As shown in Table 2,13 plants of bacterium of separation to sugar tolerance difference it is obvious that bacterial strain pol be 20~30 ° of Bx models
Enclosing can grow very well, be more than 40 ° of Bx growth restriction systems in sugared concentration, filter out can grow fine under the conditions of high sugar four plants
Yeast strain is resistance to high sugar yeast, then its stroke is carried out secondary screening after inclined-plane culture in 4 DEG C of preservations.

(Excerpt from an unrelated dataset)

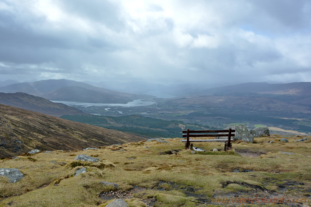 En cuanto llegué arriba un viento huracanado se sumó al frío gélido que bajaba de las cumbres nevadas del Ben Nevis. Fue una caminata intensa en la que disfruté, congelado y zarandeado por el viento, del paisaje escocés desde el lugar más elevado del Reino Unido. Desde estas alturas el paisaje escocés se extiende magnífico allá abajo. Fort William y el lago Eil se encontraban a mi izquierda. El lago Lochy, una de cuyas orillas había recorrido el día anterior, se extendía hacia el norte. A mi alrededor el suelo de turba estaba cubierto por hierbas de color ocre y de riachuelos que bajan de la cumbre. El aire era frío, húmedo y puro. Cuando encontré uno de esos bancos con «las mejores vistas del mundo» pensé que este es un lugar realmente hermoso para perderse.

6. the screening of Acid-tolerant yeasts bacterial strain:By four saccharomycete strains of above-mentioned screening be prepared into bacterial concentration it is identical (1 ×
108A/mL) bacteria suspension, be diluted to identical multiple, draw equal amount and be coated on peracid culture medium, be placed in 30 DEG C of constant temperature trainings
It supports and cultivates 5d~7d in case, observe the growing state of saccharomycete, the results are shown in Table 3 for acid resistance test.Wherein, peracid culture medium contains
There is the component of following contents:1% yeast extract, 2% glucose, NaCl 0.01%, 2% agar powder, and it is adjusted using citric acid
PH value is respectively 2.0,2.2,2.4,2.6,2.8.
Table 3
Note:"-" expression is not grown;"+" indicates growth;" ++ " indicates that growth is preferable;" +++ " indicates apparent growth;
" ++++" indicate and grow very fast.
As shown in Table 3,4 plants of bacterium are that 2.4~2.8 ranges can be grown very well in pH value, and being chosen at can when pH values are 2.0
With three plants of yeast of growth for resistance to high acid leaven, its stroke is subjected to secondary screening after inclined-plane culture in 4 DEG C of preservations.
7. fermenting property is tested:Three plants of bacterial strains of above-mentioned screening are subjected to green liquor fermentation test, are managed after the 7d that ferments
Change Indexs measure, and asks 15 wine personnel is commented to carry out subjective appreciation to green plum fermented wine and judge.Wherein, the measurement of alcoholic strength is adopted
Use direct titrimetric method, the measurement of total acid that direct titrimetric method, the measurement of sugar-free extract is used to adopt with the measurement of density bottle method, total reducing sugar
With density bottle method, the sensory evaluation scores standard of green plum wine is as shown in table 4.3 plants of yeast fermentation green plum wine physical and chemical index and
The measurement result of organoleptic indicator is as shown in table 5.
Table 4
Table 5
By 5 results of sensory evaluation of table as it can be seen that the green liquor alcoholic strength that is fermented of No. 33 bacterial strains is higher, residual sugar amount is few, fermentation
Thoroughly, green liquor golden yellow color, the smell of fruits is very sweet, graceful, comfortable, and tasty and refreshing, mouthfeel is coordinated, unique flavor, and No. 17 and No. 31 bacterium
The produced green liquor fruity of strain does not protrude, and astringent taste is heavier, and mouthfeel is uncoordinated.Comprehensive fermentability and sensory evaluation scores are as a result, No. 33 bacterium
Strain is more suitable for the brewing bacterial strain of green plum wine, therefore wine height, No. 33 best bacterial strains of taste flavor, as this hair are produced in screening
Bright saccharomyces cerevisiae (Saccharomyces cerevisiae) by its stroke in 4 DEG C of preservations after inclined-plane culture, and is named as QM-
50.The identification of 2 saccharomyces cerevisiae of the present invention of embodiment (Saccharomyces cerevisiae)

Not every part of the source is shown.